[Opening RECORDS SUPPLIED section]

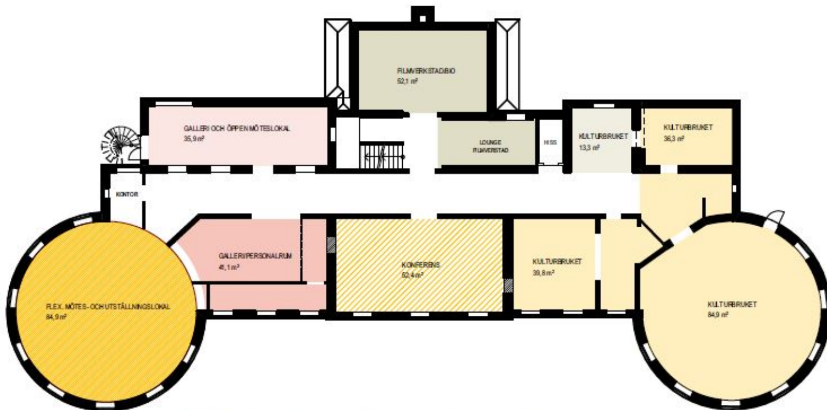
PLAN 2: Föreningsverksamhet
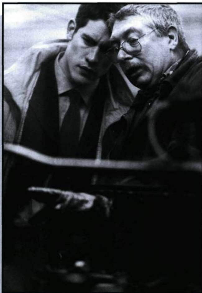
Ressources humaines de Laurent Cantet révèle un rapport dédramatisé de l'homme à la machine.

Il ne faudrait cependant pas trop s'attarder sur le cinéma de genre. À la base, les dés sont pipés puisque le cinéma de genre met en scène des spécialistes, et donc, bien souvent des métiers, et qu'il est fréquemment américain. Dans le cinéma américain, le travail reste une religion, plus que pour n'importe quel autre pays occidental: c'est d'ailleurs étonnant de constater comme, avec la triade travail, famille, État, on fait rapidement le tour d'une bonne partie de la production hollywoodienne. Souvent, un «héros» américain se définit d'abord par sa fonction et donc son travail, il est avocat, médecin, policier ou pompier et on le voit plus qu'à son tour dans l'exercice de ces fonctions. Ces mêmes fonctions déterminent son action dans le film. C'est l'une des significations que l'on peut trouver à Space Cowboy d'Eastwood. Nos braves papys de l'espace ne recouvrent leur identité qu'à partir du moment où ils redeviennent ces bons vieux méca-
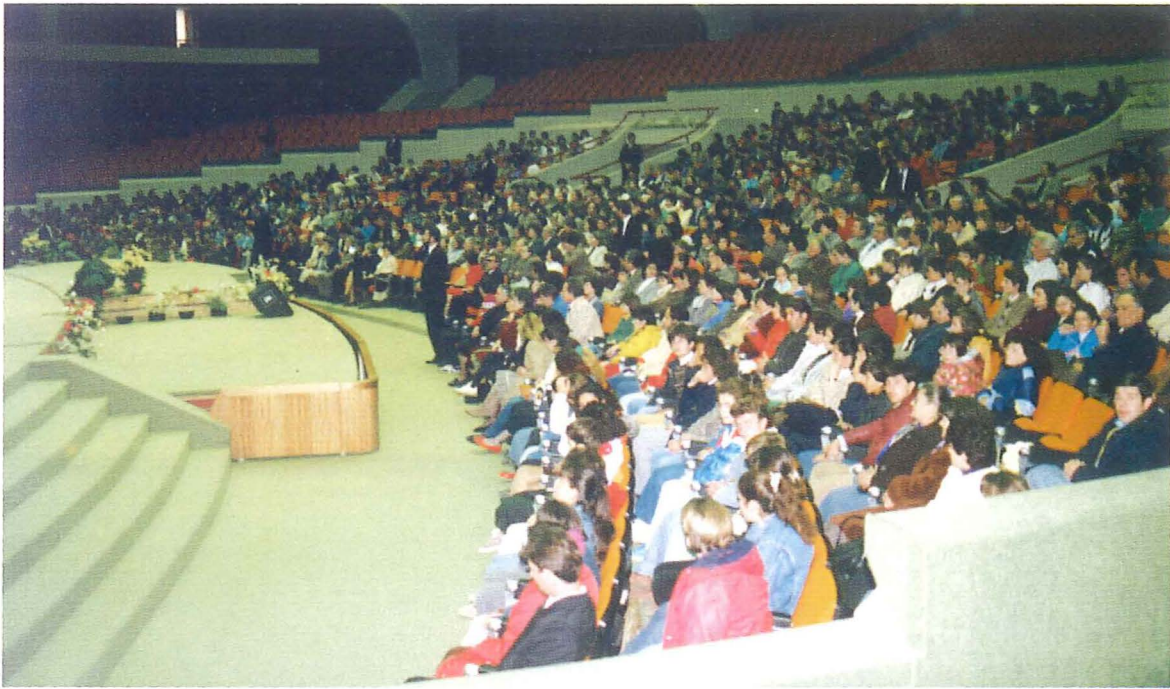
Gottesdienst am 21. November 1993 im Kongresszentrum in Tirana

In Tirana besteht schon seit der Anfangszeit ein gemischter Chor, während in den übrigen Gemeinden mit Keyboard-Begleitung Gemeindegesang stattfindet.
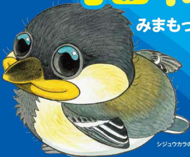
シジウカラのヒナ
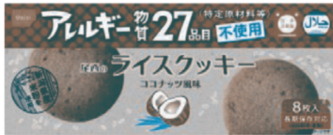
[ライスクッキー(8枚/箱)]
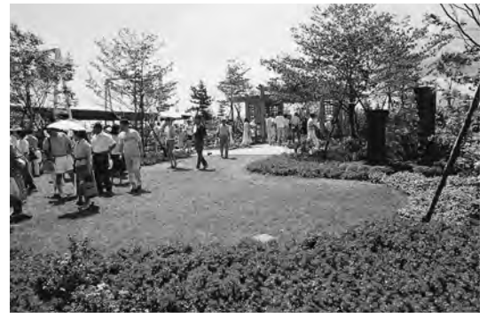
1986年6月 花と緑の博覧会会場のポートランド庭園
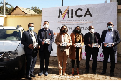
Madagascar. Collaboration MICA et ONUDI, le 15 juillet 2021
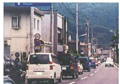
▲釜石市鶴住居地区の渋滞状況
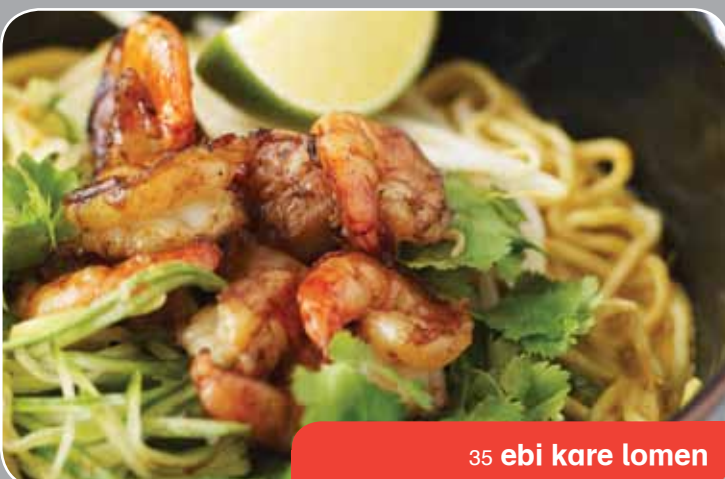
35 ebi kare lomen
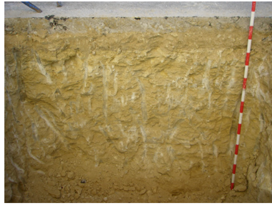
* Ronda Intermedia.

[Closing RECORDS SUPPLIED section]

§ **ACTIVITY**: Give the entries again exactly. Pictures stay out.

§ **SOLUTION TO THE EXERCISE**:
PLAN 2: Föreningsverksamhet
Ressources humaines de Laurent Cantet révèle un rapport dédramatisé de l'homme à la machine.

Il ne faudrait cependant pas trop s'attarder sur le cinéma de genre. À la base, les dés sont pipés puisque le cinéma de genre met en scène des spécialistes, et donc, bien souvent des métiers, et qu'il est fréquemment américain. Dans le cinéma américain, le travail reste une religion, plus que pour n'importe quel autre pays occidental: c'est d'ailleurs étonnant de constater comme, avec la triade travail, famille, État, on fait rapidement le tour d'une bonne partie de la production hollywoodienne. Souvent, un «héros» américain se définit d'abord par sa fonction et donc son travail, il est avocat, médecin, policier ou pompier et on le voit plus qu'à son tour dans l'exercice de ces fonctions. Ces mêmes fonctions déterminent son action dans le film. C'est l'une des significations que l'on peut trouver à Space Cowboy d'Eastwood. Nos braves papys de l'espace ne recouvrent leur identité qu'à partir du moment où ils redeviennent ces bons vieux méca-
Gottesdienst am 21. November 1993 im Kongresszentrum in Tirana

In Tirana besteht schon seit der Anfangszeit ein gemischter Chor, während in den übrigen Gemeinden mit Keyboard-Begleitung Gemeindegesang stattfindet.
シジウカラのヒナ
[ライスクッキー(8枚/箱)]
1986年6月 花と緑の博覧会会場のポートランド庭園
Madagascar. Collaboration MICA et ONUDI, le 15 juillet 2021
▲釜石市鶴住居地区の渋滞状況
35 ebi kare lomen
* Ronda Intermedia.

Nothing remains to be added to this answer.